Our cleanliness is killing us. Prof.Carlin alluded to this a couple of posts ago https://wordpress.com/post/theviewfromharbal.com/881. I came across this twitter on the subject and had to share it, even if this is my 3rd post of the day
Once it stops flashing, you can see what I’m talking about. Would be a heck of a way to go, overwhelmed by some superbug resistant to any antibiotic that you might have encountered and developed immunity to while it was on your kitchen counter. More booze, less bleach. We are all God’s creatures..
The AMA ain’t what it used to be. Most docs, yours truly included, have had full and fulfilling careers without paying for an AMA card. Yet, what the organization says still carries some weight, so when they added their heft to the anti-Plaquenil for COVID movement when it first looked like there might be something there, it didn’t help those who remained proponents. So when they slipped the following language into the 10/30/20 addendum to the Delegates Handbook for the upcoming November annual meeting, you’d think we would have heard more about it.
“Resolved, that our American Medical Association rescind its statement calling for physicians to stop prescribing hydroxychloroquine and chloroquine until sufficient evidence becomes available to conclusively illustrate that the harm associated with use outweighs benefit early in the disease course”.
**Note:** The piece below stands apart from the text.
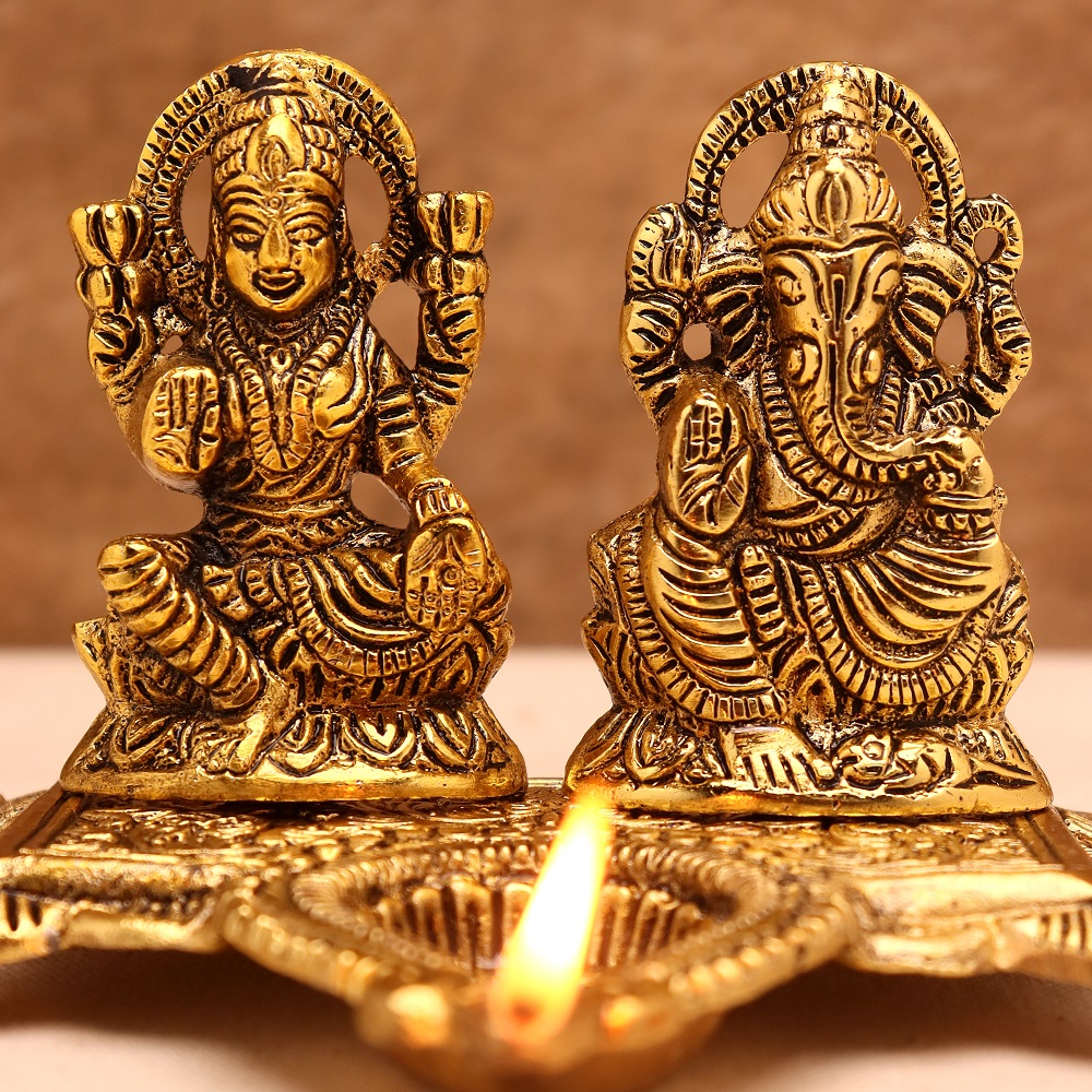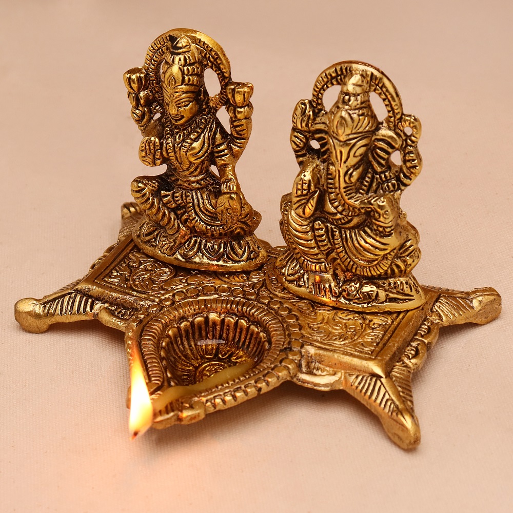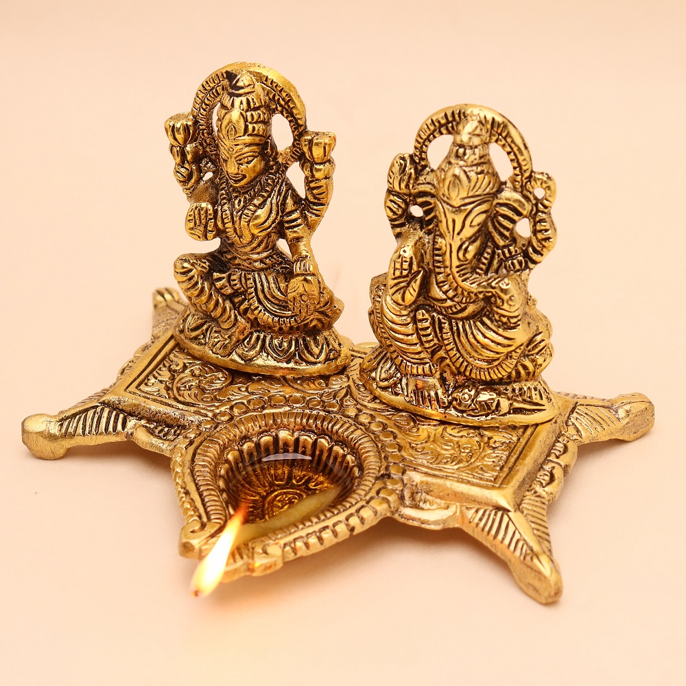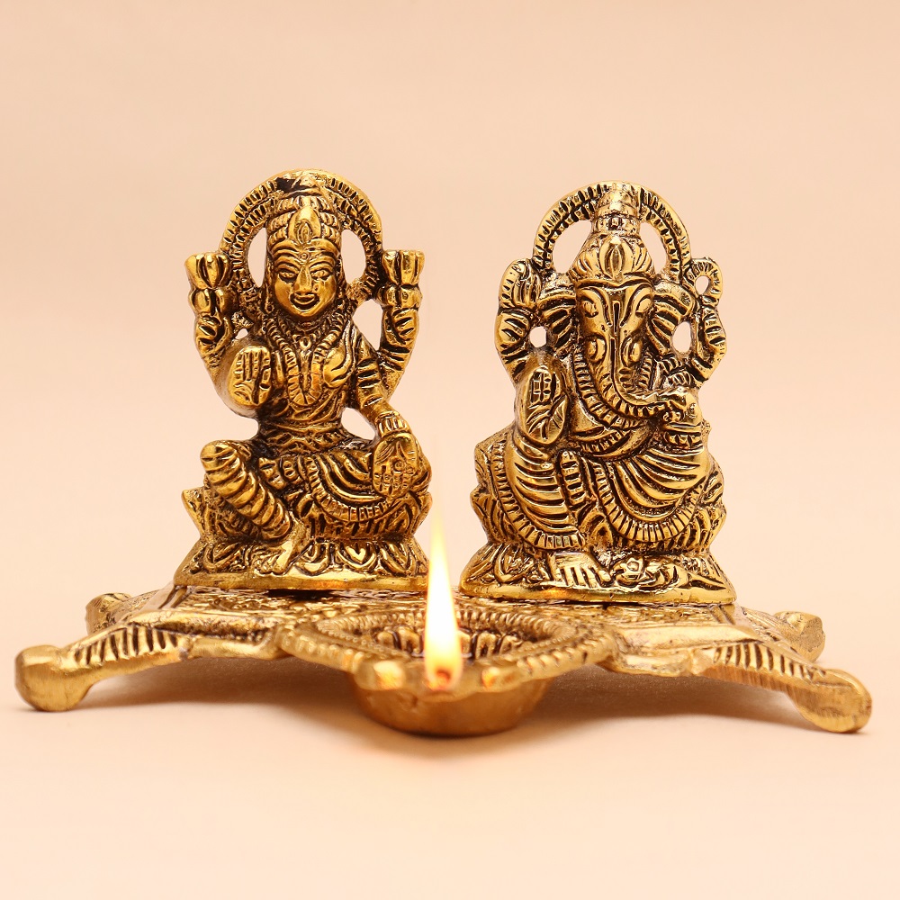 The Golden Aluminium Laxmi Ganesh Diwali Oil Diya Lamp is a product that brings divine light to your home. This artfully designed diya beautifully portrays the designs of Lord Laxmi and Lord Ganesh to bring prosperity, wealth, and good fortune. This golden finish with a traditional look makes it an ideal lamp for your Diwali celebrations or any auspicious occasion.

But if you do a Google search on “AMA” and “Plaquenil” all you get are all their earlier warnings, which in this resolution they state were based on potential side effects that did not pan out.
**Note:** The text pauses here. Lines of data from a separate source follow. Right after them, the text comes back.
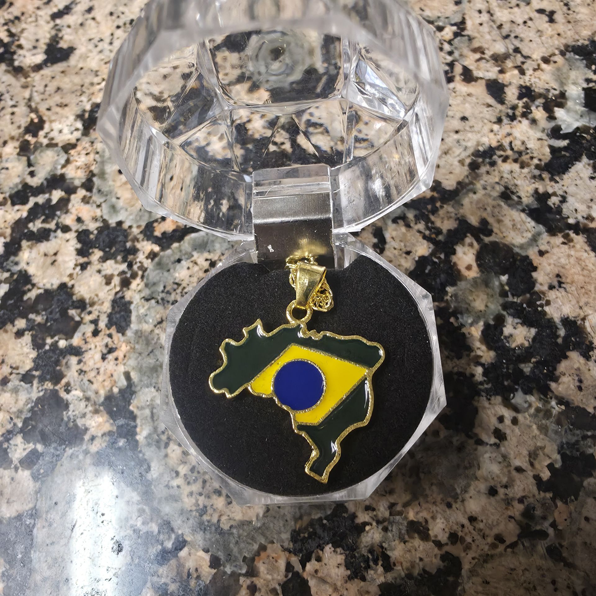 Vibrant Brazil map pendant. Gold-tone metal has enamel flag colors. Comes with clear display case.
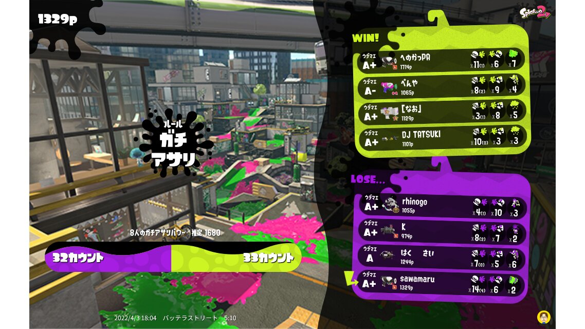 | Name | Weapon | Level | Rank | Inked | k+a/sp | k/d |
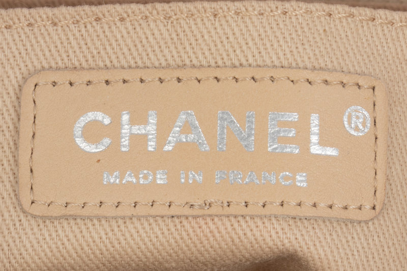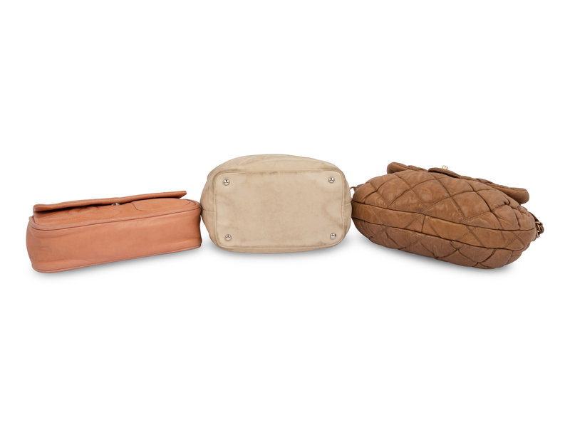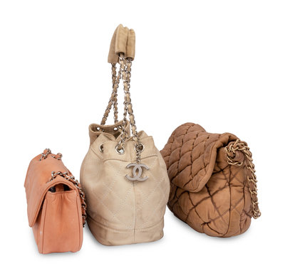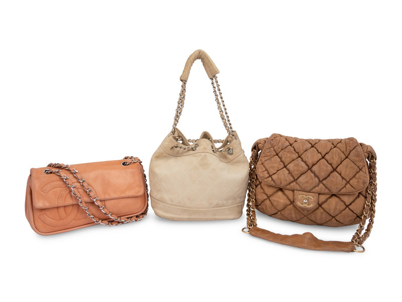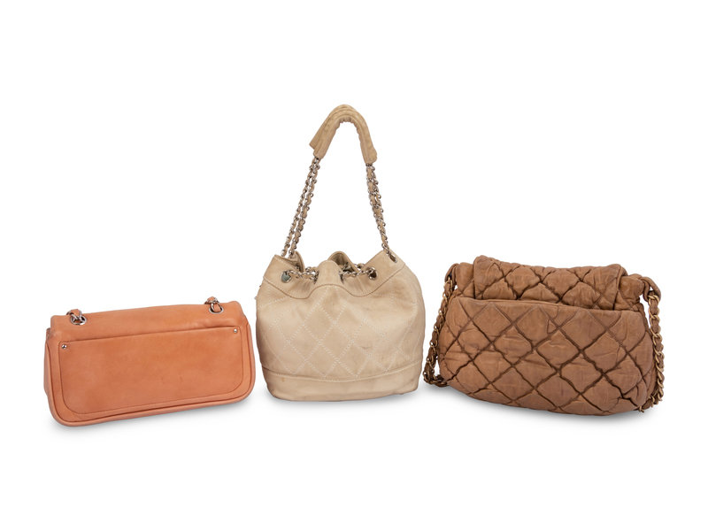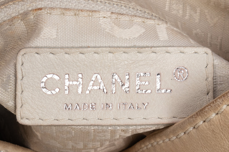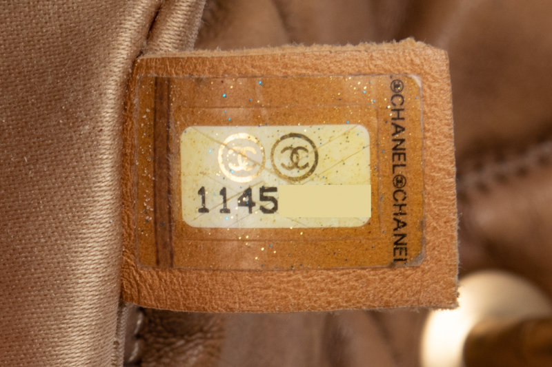Light tan leather quilted bag bucket bag with silver-tone chain strap woven with leather and drawstring closure.

As if the raw data from the pandemic weren’t bad enough, the numbers can be crunched to produce even more depressing stats. One such measure comes from the concept of “excess deaths”. Presumably in any country the number of people who die off each year should be about the same year-to-year. Not so for our almost gone 2020. From March through August of this year, 1,671,400 slipped the mortal coil, leaving 328,052,960 or so behind. That’s all causes. For 173,300 (10.4%) COVID had something or other to do with it. Over those same months in 2015-2019 an average of 1,370,000 deaths were reported. I promised no politics, not no math. So that’s 300,600 – 3 full Michigan Stadiums (not that we’ve seen that for a while) – more bodies racked up this year than we managed to do in the 5 years previous. And only 58% of those could be tied to COVID. There’s another gruesome story there, but that comes later.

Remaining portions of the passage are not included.